Katherine Kennedy, who was Bennett’s friend and her colleague on the school board, told The Salt Lake Tribune, “Heather was so thoughtful about how she approached education issues. She was really able to see a big picture, or big consequences, before other people did.”

Salt Lake City Mayor Jackie Biskupski tweeted her condolences. “For 14 years, Heather dedicated her life to school policy, inspired to get involved as a parent of #SLC students,” Biskupski posted on Twitter.

Bennett represented Precinct 5 in the Salt Lake City School District — an area that extends from the Jordan River to 1300 East, between 900 South and 2100 South, and includes East High School, Horizonte Instruction and Training Center, Innovations Early College High School and five elementary schools. Her current term was set to run through Dec. 31, 2020. From 2015 until the start of this year, Bennett served as the board’s president.

Bennett argued against vouchers for private-school tuition, writing in a 2007 Salt Lake Tribune opinion essay that “vouchers let Utah legislators off the hook. They do nothing to address underfunding of public school programs.” She helped craft the district’s policy to prohibit discrimination against LGBTQ students in 2010, and supported including domestic partners on the insurance coverage for district employees. She championed later starts for the school day, citing studies that show students do better when they’re not up too early.

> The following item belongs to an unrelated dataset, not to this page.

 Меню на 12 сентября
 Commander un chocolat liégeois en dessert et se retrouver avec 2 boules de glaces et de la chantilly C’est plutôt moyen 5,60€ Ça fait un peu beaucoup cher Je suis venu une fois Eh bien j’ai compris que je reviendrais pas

As board president, she is credited with supporting early childhood education and early literacy programs, and extending the accelerated Extended Learning Program, or ELP, to more students. She oversaw the rebuilding of the former Lincoln Elementary, renamed Liberty Elementary, and the opening of the Liberty Community Learning Center.

District officials note that while Bennett was board president, the board in 2017 passed the district’s Safe Schools Resolution, the first of its kind in Utah, designed to head off violence in public schools before it starts.

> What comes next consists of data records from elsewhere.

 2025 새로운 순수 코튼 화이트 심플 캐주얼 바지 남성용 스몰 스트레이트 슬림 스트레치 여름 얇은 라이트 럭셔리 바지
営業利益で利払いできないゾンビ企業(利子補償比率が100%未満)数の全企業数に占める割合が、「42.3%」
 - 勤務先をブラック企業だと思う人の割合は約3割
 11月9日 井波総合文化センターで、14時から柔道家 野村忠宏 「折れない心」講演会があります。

Board member Kristi Swett, in a statement, said, “I couldn’t have asked for a better mentor and example of what it means to be a public servant. … I learned so much from Heather, her grace, and her ability to look past what was on the outside and really dig for what was on the inside."

“She had an enormous intellect, but she never paraded that,” Kennedy told The Tribune. “She was collegial, and really worked hard to build a community.”

That collegiality wasn’t always easy to achieve. Bennett’s time as board president overlapped with the brief, contentious tenure of board member Michael Clara, who represented Salt Lake City’s west side.

The conflict came to a head in 2015, when Clara complained he was being discriminated against because Bennett ordered a school resource officer to the front of the board’s meeting room — a response to an angry, profanity-laced phone call between Clara and then-superintendent McKell Withers. Clara countered by donning a sombrero and poncho, what he called a “Frito Bandito” costume, during a board meeting. Clara lost his re-election bid in 2016 to current board member Michael Nemelka.

Bennett became a school activist as a parent of students at Lowell Elementary School in the Avenues. She represented Lowell parents when the district closed the school in 2001, a decision that some parents still haven’t forgotten or forgiven.

When Bennett’s children started at Lowell in 1993, she became a volunteer and PTA member there, Kennedy said. When Bennett arrived, Lowell had two PTAs, one for the neighborhood kids and one for the ELP students.

“She brought those PTAs together,” Kennedy said. “She was a unifier.”

Survivors include her husband, Kevin Hanson, a professor in the Film and Media Arts Department at the University of Utah; three children: Samuel Bennett Hanson, Hannah Harper Hanson and Emma Rose Hanson; four brothers and a sister.

Hanson said the family is planning a memorial service Saturday, with details to be announced. District officials said Bennett’s family is in the process of establishing a charitable fund that will support her priorities.